Dataset excerpts:
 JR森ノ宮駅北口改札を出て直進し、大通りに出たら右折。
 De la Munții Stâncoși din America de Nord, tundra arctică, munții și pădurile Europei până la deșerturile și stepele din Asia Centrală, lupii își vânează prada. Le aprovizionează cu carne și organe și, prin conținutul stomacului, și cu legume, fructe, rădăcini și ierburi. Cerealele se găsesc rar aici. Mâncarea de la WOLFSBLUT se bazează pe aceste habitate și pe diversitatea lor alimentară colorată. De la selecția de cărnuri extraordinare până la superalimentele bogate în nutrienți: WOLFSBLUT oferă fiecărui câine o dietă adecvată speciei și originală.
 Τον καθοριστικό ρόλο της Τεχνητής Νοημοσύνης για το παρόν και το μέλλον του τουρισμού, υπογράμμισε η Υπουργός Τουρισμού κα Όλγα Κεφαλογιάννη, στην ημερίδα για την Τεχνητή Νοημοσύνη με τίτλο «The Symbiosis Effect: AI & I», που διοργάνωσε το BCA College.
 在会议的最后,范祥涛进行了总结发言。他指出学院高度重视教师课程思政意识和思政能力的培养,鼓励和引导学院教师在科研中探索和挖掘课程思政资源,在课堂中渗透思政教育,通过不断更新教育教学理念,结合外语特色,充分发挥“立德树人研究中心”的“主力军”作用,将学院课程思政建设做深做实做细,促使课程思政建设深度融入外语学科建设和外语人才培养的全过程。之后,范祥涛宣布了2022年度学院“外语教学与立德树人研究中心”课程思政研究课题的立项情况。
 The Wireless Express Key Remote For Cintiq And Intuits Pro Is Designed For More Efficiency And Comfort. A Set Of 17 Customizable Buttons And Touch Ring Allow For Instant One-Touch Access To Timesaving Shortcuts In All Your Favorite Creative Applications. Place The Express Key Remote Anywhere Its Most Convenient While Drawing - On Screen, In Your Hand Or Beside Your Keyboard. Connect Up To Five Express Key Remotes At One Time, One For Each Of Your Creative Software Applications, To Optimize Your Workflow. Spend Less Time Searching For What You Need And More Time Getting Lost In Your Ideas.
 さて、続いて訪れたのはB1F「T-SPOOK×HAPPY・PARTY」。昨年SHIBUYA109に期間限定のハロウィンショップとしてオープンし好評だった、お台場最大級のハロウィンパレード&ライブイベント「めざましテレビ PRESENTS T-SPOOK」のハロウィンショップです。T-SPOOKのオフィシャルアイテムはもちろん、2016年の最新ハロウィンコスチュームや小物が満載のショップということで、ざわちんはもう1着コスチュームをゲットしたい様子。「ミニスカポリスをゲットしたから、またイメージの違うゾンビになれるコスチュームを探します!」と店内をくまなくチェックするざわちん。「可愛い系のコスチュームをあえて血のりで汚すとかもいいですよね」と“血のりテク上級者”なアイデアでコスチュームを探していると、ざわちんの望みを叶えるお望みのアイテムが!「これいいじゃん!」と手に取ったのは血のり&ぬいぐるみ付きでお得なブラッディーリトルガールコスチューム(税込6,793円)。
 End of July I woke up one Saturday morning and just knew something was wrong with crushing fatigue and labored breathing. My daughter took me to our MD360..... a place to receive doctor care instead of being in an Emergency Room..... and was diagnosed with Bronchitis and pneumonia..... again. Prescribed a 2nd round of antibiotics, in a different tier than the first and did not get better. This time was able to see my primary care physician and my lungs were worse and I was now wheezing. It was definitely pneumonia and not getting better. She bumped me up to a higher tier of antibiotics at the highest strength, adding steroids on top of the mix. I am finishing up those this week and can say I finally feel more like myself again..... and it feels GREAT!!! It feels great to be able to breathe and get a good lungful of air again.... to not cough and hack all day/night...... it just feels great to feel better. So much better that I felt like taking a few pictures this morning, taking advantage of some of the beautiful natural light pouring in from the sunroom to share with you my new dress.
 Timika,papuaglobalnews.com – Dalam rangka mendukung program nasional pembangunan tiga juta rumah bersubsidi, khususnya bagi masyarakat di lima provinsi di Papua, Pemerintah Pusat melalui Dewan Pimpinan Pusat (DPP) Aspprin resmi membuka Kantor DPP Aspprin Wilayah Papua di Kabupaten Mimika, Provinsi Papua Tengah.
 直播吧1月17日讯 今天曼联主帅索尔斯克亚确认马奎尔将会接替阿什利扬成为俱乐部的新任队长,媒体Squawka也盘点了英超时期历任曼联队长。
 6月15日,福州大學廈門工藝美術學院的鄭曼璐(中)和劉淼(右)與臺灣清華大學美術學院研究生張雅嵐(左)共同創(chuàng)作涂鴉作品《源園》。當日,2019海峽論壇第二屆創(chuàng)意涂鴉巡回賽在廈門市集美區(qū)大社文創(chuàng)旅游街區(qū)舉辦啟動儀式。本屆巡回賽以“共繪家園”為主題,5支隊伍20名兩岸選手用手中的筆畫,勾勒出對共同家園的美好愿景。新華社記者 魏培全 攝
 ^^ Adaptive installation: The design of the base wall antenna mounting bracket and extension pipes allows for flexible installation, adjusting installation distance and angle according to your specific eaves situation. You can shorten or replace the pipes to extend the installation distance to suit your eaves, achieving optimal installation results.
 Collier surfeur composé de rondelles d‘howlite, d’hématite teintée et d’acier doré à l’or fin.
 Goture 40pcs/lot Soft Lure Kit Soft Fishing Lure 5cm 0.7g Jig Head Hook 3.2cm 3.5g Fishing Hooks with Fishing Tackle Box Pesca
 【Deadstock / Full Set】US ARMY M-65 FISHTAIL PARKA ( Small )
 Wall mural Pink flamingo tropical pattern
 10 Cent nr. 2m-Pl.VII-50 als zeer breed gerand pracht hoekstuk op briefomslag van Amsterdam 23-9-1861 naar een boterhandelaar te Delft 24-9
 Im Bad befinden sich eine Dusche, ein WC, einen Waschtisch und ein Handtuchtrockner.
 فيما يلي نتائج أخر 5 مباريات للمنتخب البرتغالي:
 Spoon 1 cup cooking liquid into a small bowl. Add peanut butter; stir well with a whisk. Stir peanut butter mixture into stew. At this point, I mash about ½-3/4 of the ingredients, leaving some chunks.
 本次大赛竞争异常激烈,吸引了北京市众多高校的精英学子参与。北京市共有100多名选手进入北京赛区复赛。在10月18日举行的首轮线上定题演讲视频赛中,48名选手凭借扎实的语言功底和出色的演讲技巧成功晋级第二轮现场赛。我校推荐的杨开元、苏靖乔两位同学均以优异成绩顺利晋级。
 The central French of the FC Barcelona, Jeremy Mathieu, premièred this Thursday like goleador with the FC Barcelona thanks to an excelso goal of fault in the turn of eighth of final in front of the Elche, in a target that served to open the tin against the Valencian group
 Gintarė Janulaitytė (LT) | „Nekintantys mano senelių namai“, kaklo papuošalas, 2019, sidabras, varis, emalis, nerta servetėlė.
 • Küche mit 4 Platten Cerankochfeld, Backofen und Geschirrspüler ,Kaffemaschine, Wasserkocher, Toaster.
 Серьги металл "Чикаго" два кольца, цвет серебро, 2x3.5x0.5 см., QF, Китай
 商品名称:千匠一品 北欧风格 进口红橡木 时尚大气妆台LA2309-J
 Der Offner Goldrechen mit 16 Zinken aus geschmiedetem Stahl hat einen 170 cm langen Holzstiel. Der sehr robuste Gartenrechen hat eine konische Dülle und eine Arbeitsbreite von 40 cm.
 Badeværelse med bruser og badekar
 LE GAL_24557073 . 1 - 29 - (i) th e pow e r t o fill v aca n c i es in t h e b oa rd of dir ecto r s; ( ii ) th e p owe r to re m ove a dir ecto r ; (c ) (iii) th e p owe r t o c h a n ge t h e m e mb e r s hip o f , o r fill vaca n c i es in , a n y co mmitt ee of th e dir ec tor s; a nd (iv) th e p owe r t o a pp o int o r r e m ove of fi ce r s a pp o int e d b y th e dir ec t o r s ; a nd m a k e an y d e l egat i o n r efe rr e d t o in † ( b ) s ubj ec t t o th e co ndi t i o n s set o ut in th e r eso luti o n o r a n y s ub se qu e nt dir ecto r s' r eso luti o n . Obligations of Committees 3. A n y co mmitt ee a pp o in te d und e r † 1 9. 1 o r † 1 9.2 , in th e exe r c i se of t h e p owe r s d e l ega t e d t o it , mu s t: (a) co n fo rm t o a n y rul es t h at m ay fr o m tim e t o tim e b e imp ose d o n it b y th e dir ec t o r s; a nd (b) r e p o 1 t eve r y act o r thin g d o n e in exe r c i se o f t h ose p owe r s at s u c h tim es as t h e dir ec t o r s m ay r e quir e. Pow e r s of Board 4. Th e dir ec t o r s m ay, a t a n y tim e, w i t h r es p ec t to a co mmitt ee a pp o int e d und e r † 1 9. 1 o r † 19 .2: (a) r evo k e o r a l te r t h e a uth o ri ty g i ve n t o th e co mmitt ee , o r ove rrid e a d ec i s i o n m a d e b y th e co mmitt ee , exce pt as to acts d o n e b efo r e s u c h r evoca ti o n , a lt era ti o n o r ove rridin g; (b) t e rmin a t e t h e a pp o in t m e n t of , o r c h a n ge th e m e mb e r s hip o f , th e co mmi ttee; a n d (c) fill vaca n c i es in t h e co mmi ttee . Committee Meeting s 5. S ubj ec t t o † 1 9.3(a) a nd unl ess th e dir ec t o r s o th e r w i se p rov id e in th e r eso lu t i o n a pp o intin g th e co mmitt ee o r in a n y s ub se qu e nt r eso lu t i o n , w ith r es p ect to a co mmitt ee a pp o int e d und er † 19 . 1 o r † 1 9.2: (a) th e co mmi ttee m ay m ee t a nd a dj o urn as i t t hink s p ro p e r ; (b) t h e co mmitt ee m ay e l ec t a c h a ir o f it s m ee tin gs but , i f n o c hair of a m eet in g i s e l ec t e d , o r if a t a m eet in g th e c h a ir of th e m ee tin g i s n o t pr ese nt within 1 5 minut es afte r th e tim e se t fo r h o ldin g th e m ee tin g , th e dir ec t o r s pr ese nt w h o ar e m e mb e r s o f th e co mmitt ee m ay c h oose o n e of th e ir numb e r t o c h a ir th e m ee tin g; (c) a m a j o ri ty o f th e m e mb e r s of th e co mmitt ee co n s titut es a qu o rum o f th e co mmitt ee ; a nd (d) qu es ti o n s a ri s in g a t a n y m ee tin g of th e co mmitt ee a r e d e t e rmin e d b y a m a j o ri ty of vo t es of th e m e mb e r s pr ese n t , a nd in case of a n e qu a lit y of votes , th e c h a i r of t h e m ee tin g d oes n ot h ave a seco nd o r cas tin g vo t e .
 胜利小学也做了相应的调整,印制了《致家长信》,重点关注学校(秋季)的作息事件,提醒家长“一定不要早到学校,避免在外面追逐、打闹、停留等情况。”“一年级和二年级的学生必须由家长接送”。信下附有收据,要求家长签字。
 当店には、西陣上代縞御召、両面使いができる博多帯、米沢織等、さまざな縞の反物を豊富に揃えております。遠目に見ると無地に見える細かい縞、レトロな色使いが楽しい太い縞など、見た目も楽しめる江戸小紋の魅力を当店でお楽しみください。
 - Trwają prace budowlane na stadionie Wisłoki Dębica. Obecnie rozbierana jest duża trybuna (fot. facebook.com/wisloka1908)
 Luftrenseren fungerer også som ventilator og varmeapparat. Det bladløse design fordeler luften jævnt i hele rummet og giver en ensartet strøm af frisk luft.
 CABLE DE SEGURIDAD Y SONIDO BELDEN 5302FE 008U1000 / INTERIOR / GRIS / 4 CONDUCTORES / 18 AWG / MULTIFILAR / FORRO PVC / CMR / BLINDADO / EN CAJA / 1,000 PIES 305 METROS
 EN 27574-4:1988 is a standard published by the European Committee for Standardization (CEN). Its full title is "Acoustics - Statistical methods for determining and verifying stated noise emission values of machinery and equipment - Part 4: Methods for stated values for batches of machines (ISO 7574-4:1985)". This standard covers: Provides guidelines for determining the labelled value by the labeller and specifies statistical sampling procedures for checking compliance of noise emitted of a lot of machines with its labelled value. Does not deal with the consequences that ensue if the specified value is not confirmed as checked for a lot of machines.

§ **What to do**: Repeat only what lies between the first line of the data and the line containing "The Wireless Express", both of those lines included, exactly as it stands.

§ **Written response**:
 JR森ノ宮駅北口改札を出て直進し、大通りに出たら右折。
 De la Munții Stâncoși din America de Nord, tundra arctică, munții și pădurile Europei până la deșerturile și stepele din Asia Centrală, lupii își vânează prada. Le aprovizionează cu carne și organe și, prin conținutul stomacului, și cu legume, fructe, rădăcini și ierburi. Cerealele se găsesc rar aici. Mâncarea de la WOLFSBLUT se bazează pe aceste habitate și pe diversitatea lor alimentară colorată. De la selecția de cărnuri extraordinare până la superalimentele bogate în nutrienți: WOLFSBLUT oferă fiecărui câine o dietă adecvată speciei și originală.
 Τον καθοριστικό ρόλο της Τεχνητής Νοημοσύνης για το παρόν και το μέλλον του τουρισμού, υπογράμμισε η Υπουργός Τουρισμού κα Όλγα Κεφαλογιάννη, στην ημερίδα για την Τεχνητή Νοημοσύνη με τίτλο «The Symbiosis Effect: AI & I», που διοργάνωσε το BCA College.
 在会议的最后,范祥涛进行了总结发言。他指出学院高度重视教师课程思政意识和思政能力的培养,鼓励和引导学院教师在科研中探索和挖掘课程思政资源,在课堂中渗透思政教育,通过不断更新教育教学理念,结合外语特色,充分发挥“立德树人研究中心”的“主力军”作用,将学院课程思政建设做深做实做细,促使课程思政建设深度融入外语学科建设和外语人才培养的全过程。之后,范祥涛宣布了2022年度学院“外语教学与立德树人研究中心”课程思政研究课题的立项情况。
 The Wireless Express Key Remote For Cintiq And Intuits Pro Is Designed For More Efficiency And Comfort. A Set Of 17 Customizable Buttons And Touch Ring Allow For Instant One-Touch Access To Timesaving Shortcuts In All Your Favorite Creative Applications. Place The Express Key Remote Anywhere Its Most Convenient While Drawing - On Screen, In Your Hand Or Beside Your Keyboard. Connect Up To Five Express Key Remotes At One Time, One For Each Of Your Creative Software Applications, To Optimize Your Workflow. Spend Less Time Searching For What You Need And More Time Getting Lost In Your Ideas.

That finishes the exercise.